• _AIM OF THE EXERCISE_: Reproduce exactly the lines of this material that begin at the line with "金蝶KIS記賬王V10.0兩" and end at the line with "The movement is", both included. Omit the pictures and everything else.

• _RECORDS PROVIDED_:
== Segment start ==
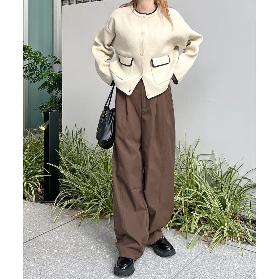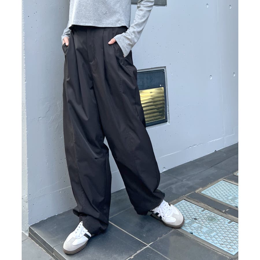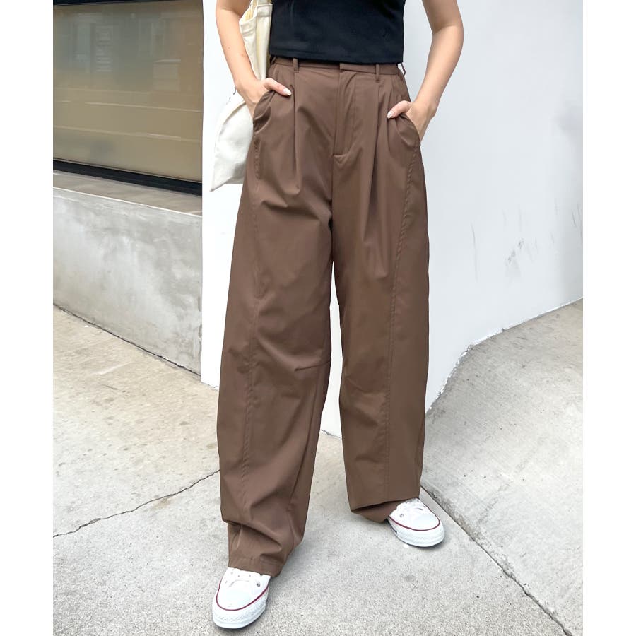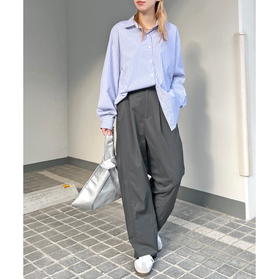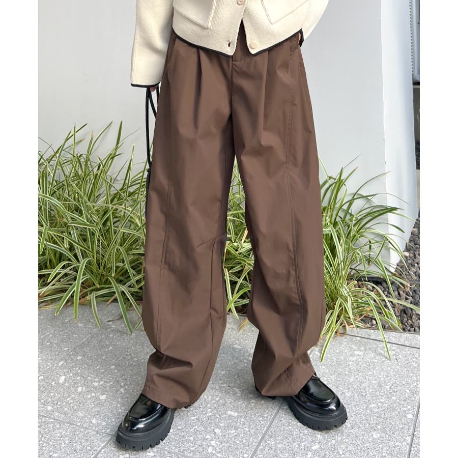 ・ゆるやかなカーブで丸みを帯びた、柔らかい印象のワイドパンツ。
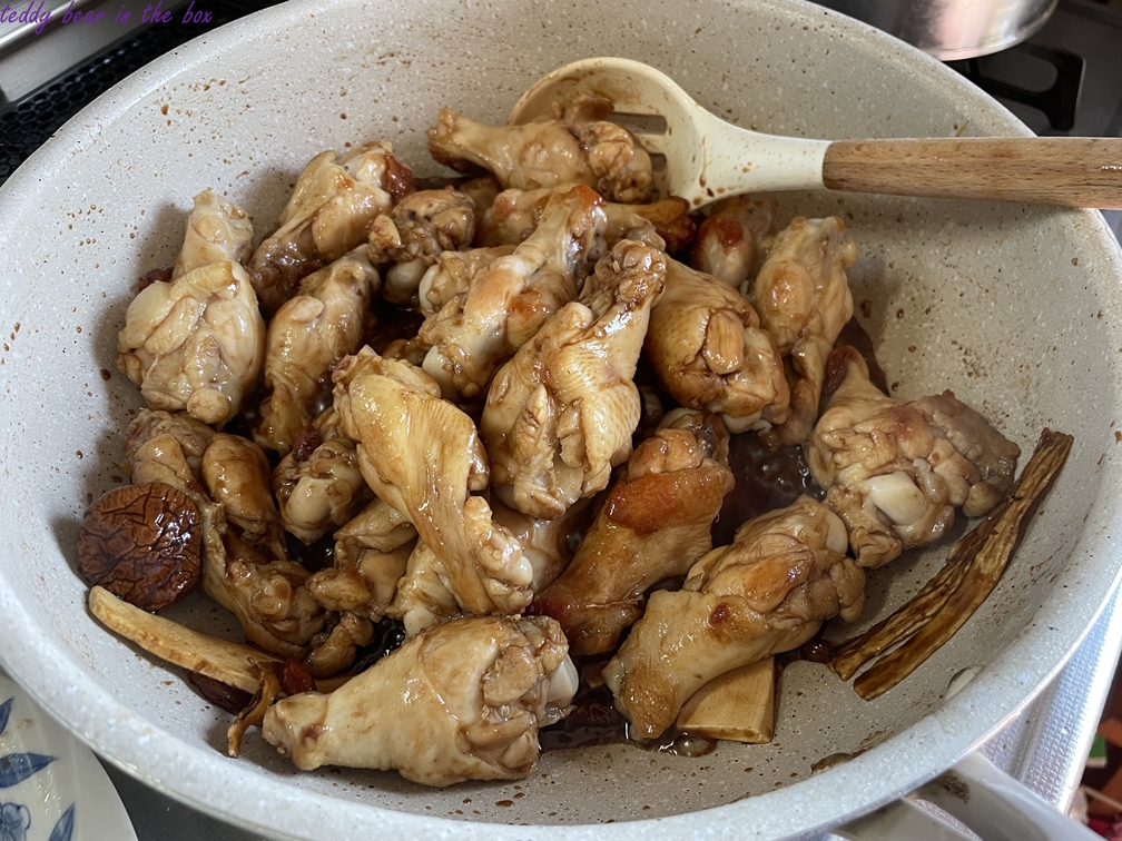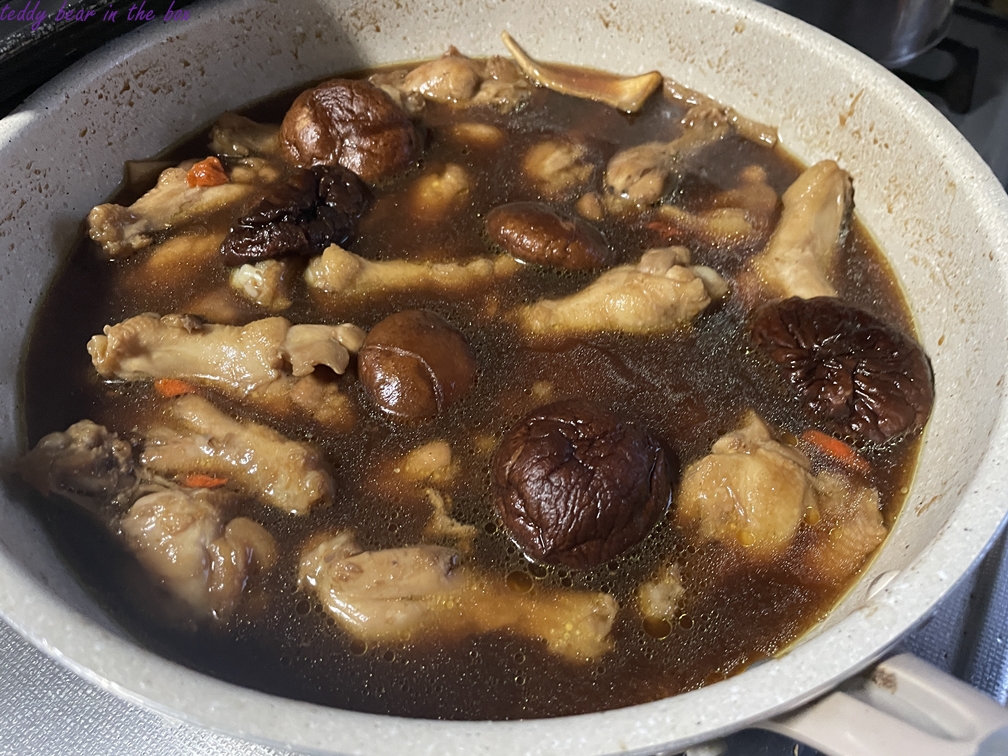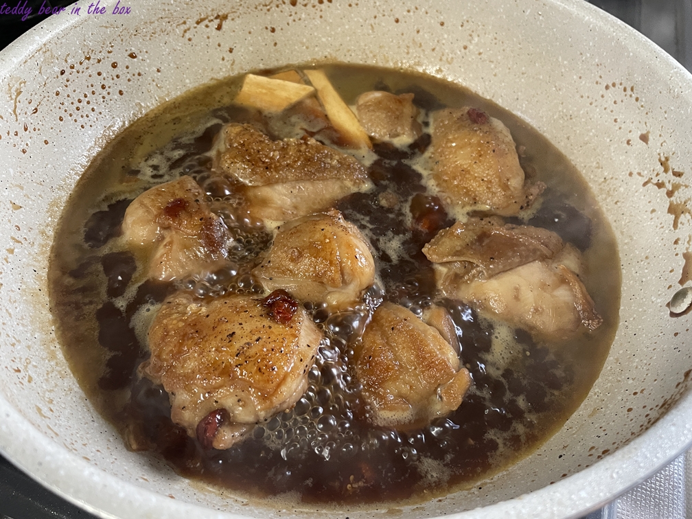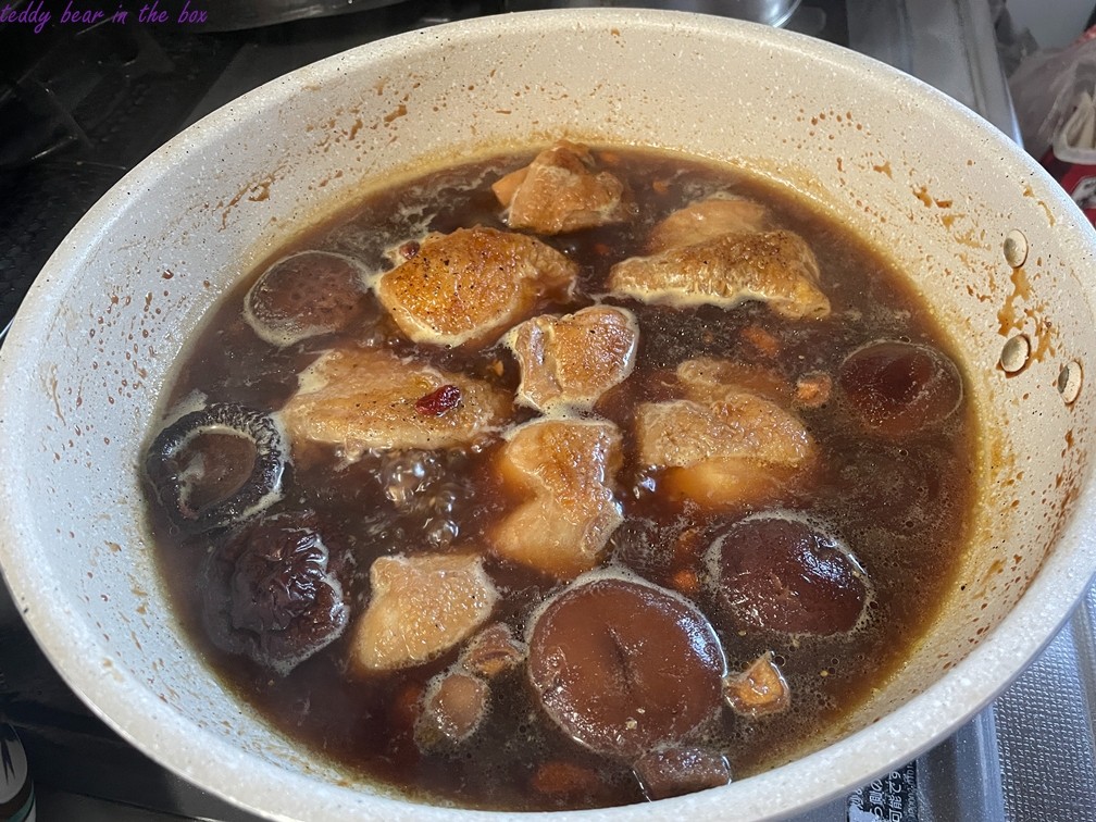 ใส่เห็ดหอมแช่น้ำให้นุ่ม เคี่ยวให้เข้าเนื้อ
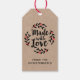 Un autocollant personnalisé "fait avec amour" sur un fond de couleur kraft. Caractéristiques d'une belle couronne de baie et les mots "fait avec amour" dans une police de caractère élégante. Le dos de l'étiquette a un fond aquarelle rouge. Une belle touche finale pour tous vos cadeaux faits main. Conçu pour vous par Blackberry Boulevard.
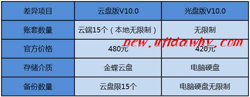 金蝶KIS記賬王V10.0兩個版本仍有幾個比較小的差別,主要體現(xiàn)在賬套存儲數(shù)量、官方售價、存儲介質(zhì)以及備份數(shù)量4個方面,為了更加清晰地展現(xiàn)兩個版本的不同之處,小編已經(jīng)整理成表,如下圖所示:
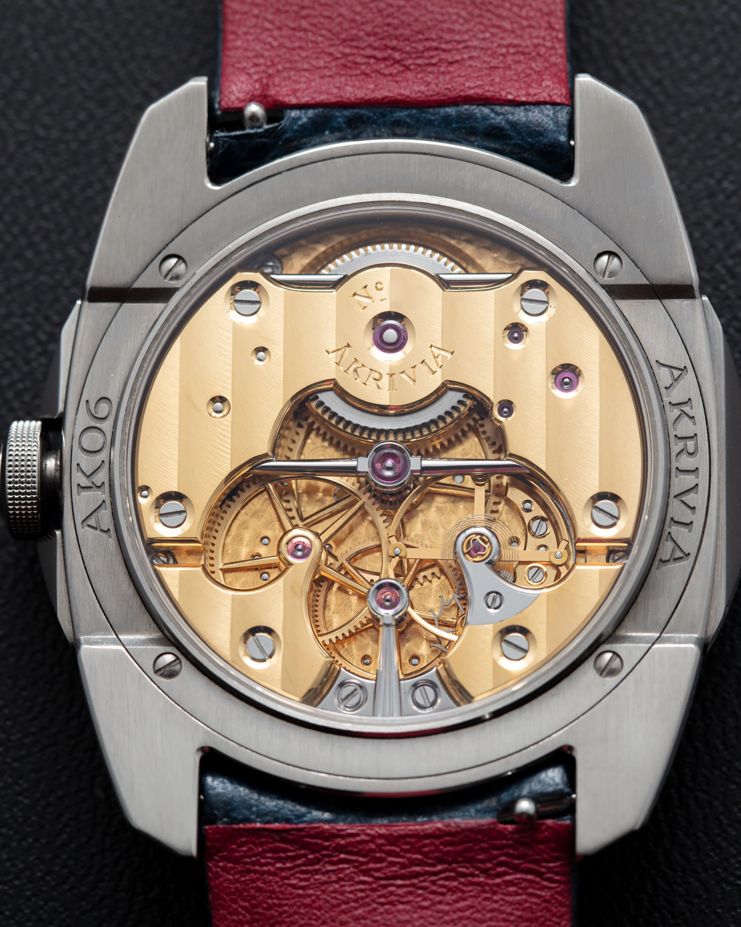 The movement is the aspect of this timepiece that generates the most admiration in the watch community. While dials and cases have varied throughout the life of AkriviA, Rexhep has a very well-defined design language for movements. Movements are often symmetrical with highly visible center-wheels. For a time-only watch, the AK-06 caliber provides tremendous depth with the bridges, then barrel, and finally going train in the central recessed cavern of the movement. Offered in two materials, a yellow-gold gilt and rhodium-plating, the level of finishing is astounding with all the fixings of haute horlogerie – anglage, Côtes de Genève, and deep countersinks with polished screw heads.
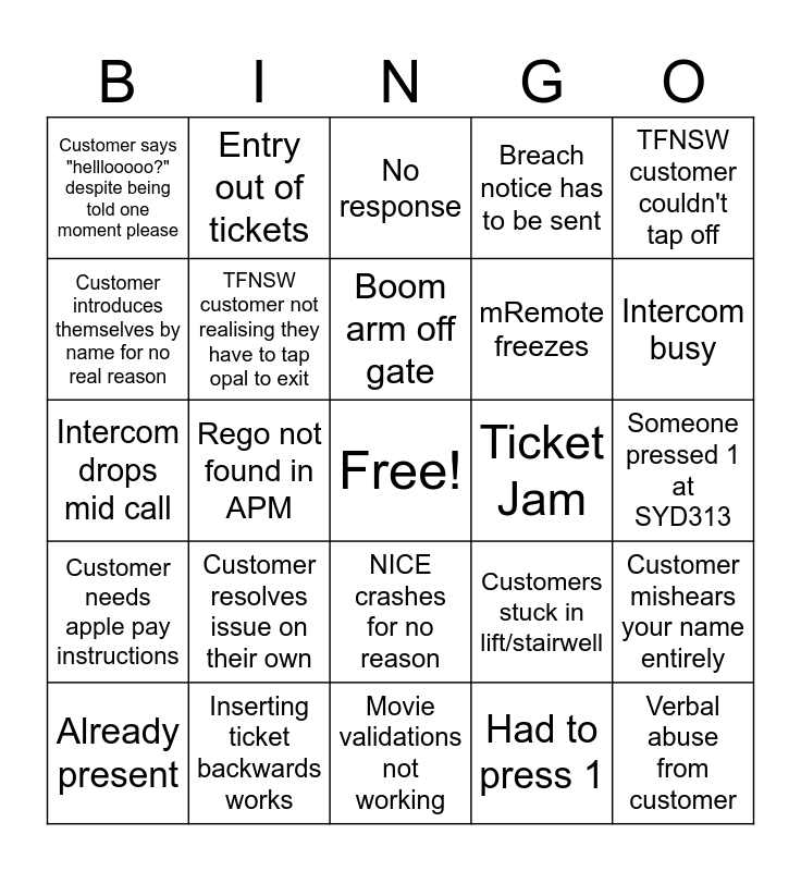 This bingo card has a free space and 24 words: Customer resolves issue on their own, Inserting ticket backwards works, Boom arm off gate, Already present, TFNSW customer couldn't tap off, Customer says "helllooooo?" despite being told one moment please, Customer introduces themselves by name for no real reason, Entry out of tickets, Ticket Jam, NICE crashes for no reason, mRemote freezes, Intercom drops mid call, Customers stuck in lift/stairwell, Customer mishears your name entirely, TFNSW customer not realising they have to tap opal to exit, Had to press 1, Someone pressed 1 at SYD313, No response, Intercom busy, Rego not found in APM, Verbal abuse from customer, Customer needs apple pay instructions, Breach notice has to be sent and Movie validations not working.
== Segment end ==
• _RESPONSE AREA_:
 金蝶KIS記賬王V10.0兩個版本仍有幾個比較小的差別,主要體現(xiàn)在賬套存儲數(shù)量、官方售價、存儲介質(zhì)以及備份數(shù)量4個方面,為了更加清晰地展現(xiàn)兩個版本的不同之處,小編已經(jīng)整理成表,如下圖所示:
 The movement is the aspect of this timepiece that generates the most admiration in the watch community. While dials and cases have varied throughout the life of AkriviA, Rexhep has a very well-defined design language for movements. Movements are often symmetrical with highly visible center-wheels. For a time-only watch, the AK-06 caliber provides tremendous depth with the bridges, then barrel, and finally going train in the central recessed cavern of the movement. Offered in two materials, a yellow-gold gilt and rhodium-plating, the level of finishing is astounding with all the fixings of haute horlogerie – anglage, Côtes de Genève, and deep countersinks with polished screw heads.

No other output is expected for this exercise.